Хорошо бы литературе быть там, где неопределенность. В попытках сказать о том, о чем сказать невозможно (для определенности и возможности хватит обычного языка). Но это путь к чему-то, пусть неясному, но удерживаемому в фокусе, иначе взгляд соскользнет и разобьется на тысячи молекул в броуновском движении, никуда не приходящем.

Текст может идти в открытое пространство и узнавать, куда идти, по мере того как идет.

Хорошо бы литературе быть неопределимой («как положено писать» – уже заранее штамп). Но можно высказать относительно надежные предположения относительно того, как не стоит писать. Слово (как все другое) не несет абсолютной истины, но позволяет частично что-то увидеть и встретить.

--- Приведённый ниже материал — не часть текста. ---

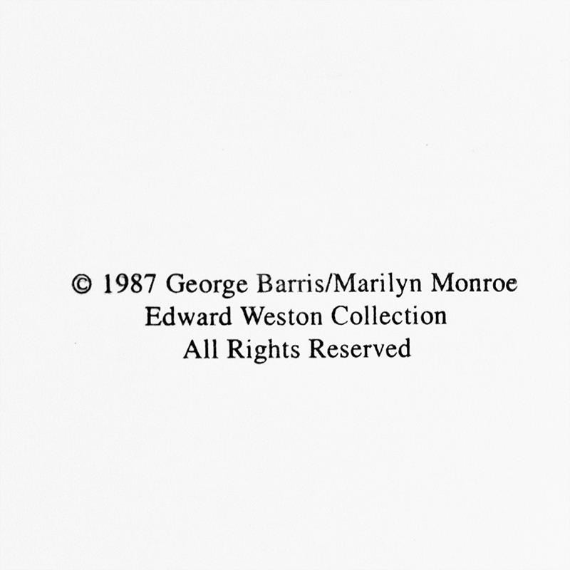 "Marilyn Monroe: The Last Shoot" is a photograph printed from the original negative taken by George Barris (1922-2016), hand signed by the photographer. This photo is part of a series entitled "The Last Photos"; they were taken in 1962 just two weeks before Monroe's death and are considered the last photos ever taken of the icon. This photo bears the Edward Weston copyright stamp inverso and Includes Letter of Authenticity. Measures approx. 14" x 11" (image). Due to the age of the piece the paper is slightly wavy.

Текст может собирать нечто рассыпающееся, но работающее в состоянии рассыпания, благодаря этому рассыпанию. Не касаться (прикосновение уничтожит), но идти вокруг – и видеть с многих сторон. Быть незавершимым (кто может быть уверен, что увидел вполне?). Но иметь частную завершенность, когда контур чего-то проступает чуть яснее, и на основе увиденного и встреченного можно попробовать всмотреться во что-то еще. Постоянно ускользать – и идти навстречу.

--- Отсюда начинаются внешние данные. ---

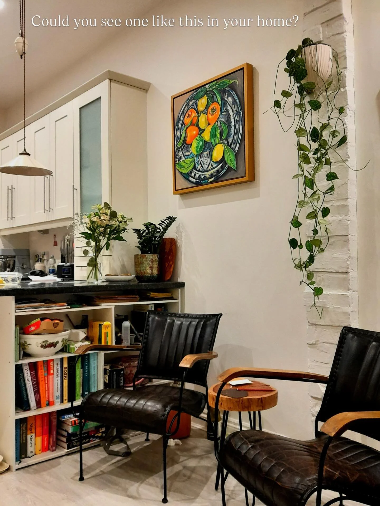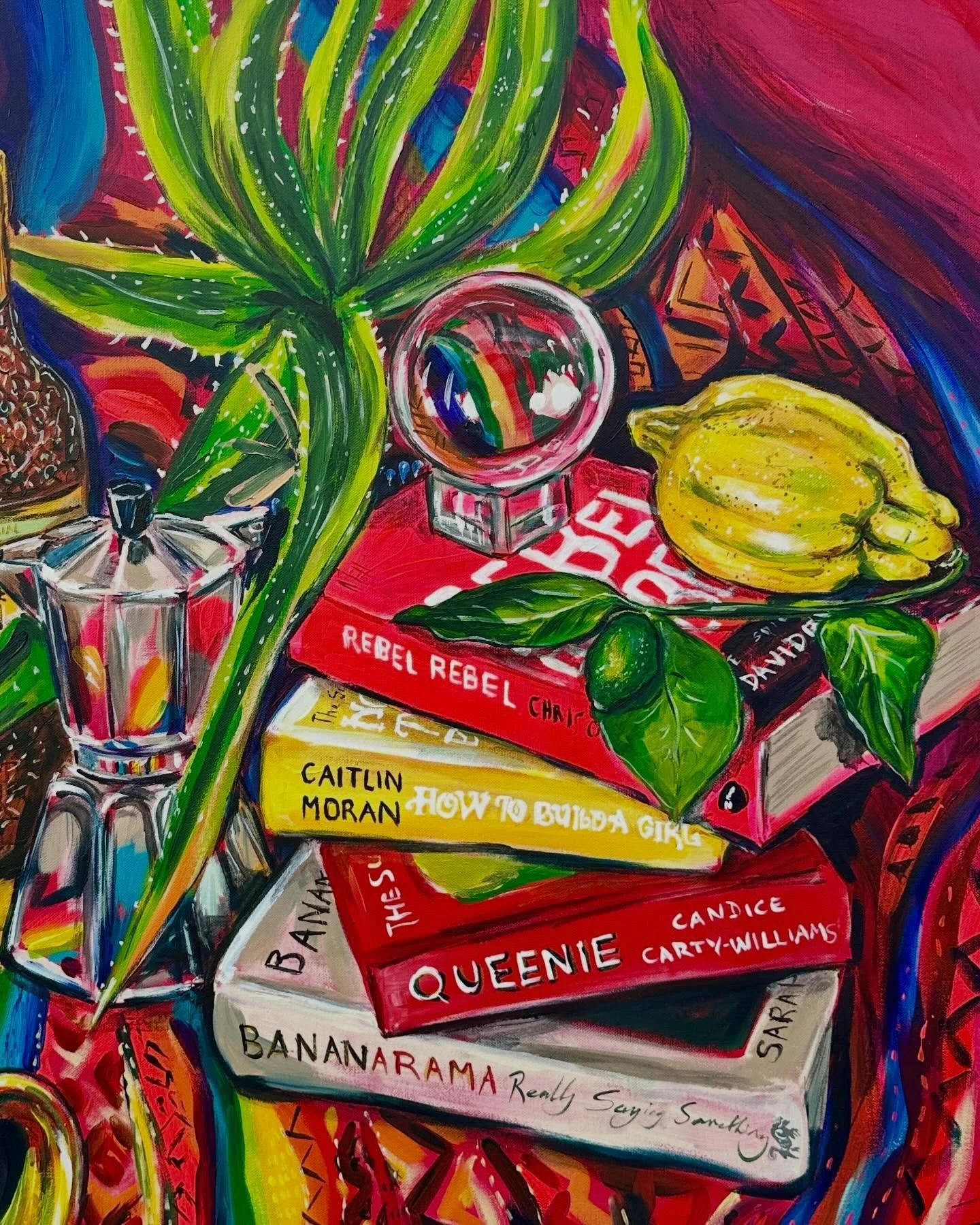 Lucyโs paintings stimulate the senses on all levels - Food and drink and the sensual experience are recurring themes in her painting. All the senses sight, touch, taste, smell and sound come into her work in various forms: the bright yellow of urgent lemons, the texture of skin, peel and fur; the feel of traditional woven fabrics collected from travels, deliriously heady cocktails, fascinating books and much-loved vinyl records. Find out more in her own words by clicking on the her photo above.

Хорошо бы литературе опираться на возможности языка дальше его стандартов, на ассоциации от предметов, на то, что говорят слова и предметы при их встрече (так и появляются новые смыслы). И ограничивать эти возможности, отсекая возникающие лишние смыслы, если она желает встретить более связное и живое, чем перечень.

Текст может открывать новое и новое при каждом прочтении – но это расширение и углубление, возможно, прыжок, не теряющие связи с тем, что уже было открыто, не заставляющие начинать заново.

Хорошо бы литературе быть почти ничем, только одним из средств взгляда, встречи, более интересной жизни. Занятие ей не оправдывает ничего. Но она может попасть в область рождения.

Текст может быть постоянно нарушаемым равновесием (но таковы и шаги).

Хорошо бы литературе быть попыткой отказа от себя, выхода из своих клише, всматривания во внешнее. Но всматривания своим образом, тем, который и создает пишущего.

Текст может быть личным делом, его прочтение кем-то еще не имеет значения. Он работает здесь и сейчас, индивидуализируя сознание, находя дорогу к человеку или предмету. Но его прочтение может изменить сознание другого – и тогда работа текста оказывается очень длительной.

Хорошо бы литературе спрашивать – но и отвечать, не в виде формулы, а показывая проживание важного, того, что невозможно, внутренне противоречиво, но тем не менее существует – как она сама. Не описывать, а встречать и видеть. Приходить из несловесного – смутных ощущений от взаимодействия с людьми и предметами – и уходить в несловесное – как встреча, как действие изменившегося сознания. В объем из линии письма. Не говорить общего, приближая к частному.

Текст может быть одновременно неуверенностью и точностью. Газ и игла. Точнее – игла газ.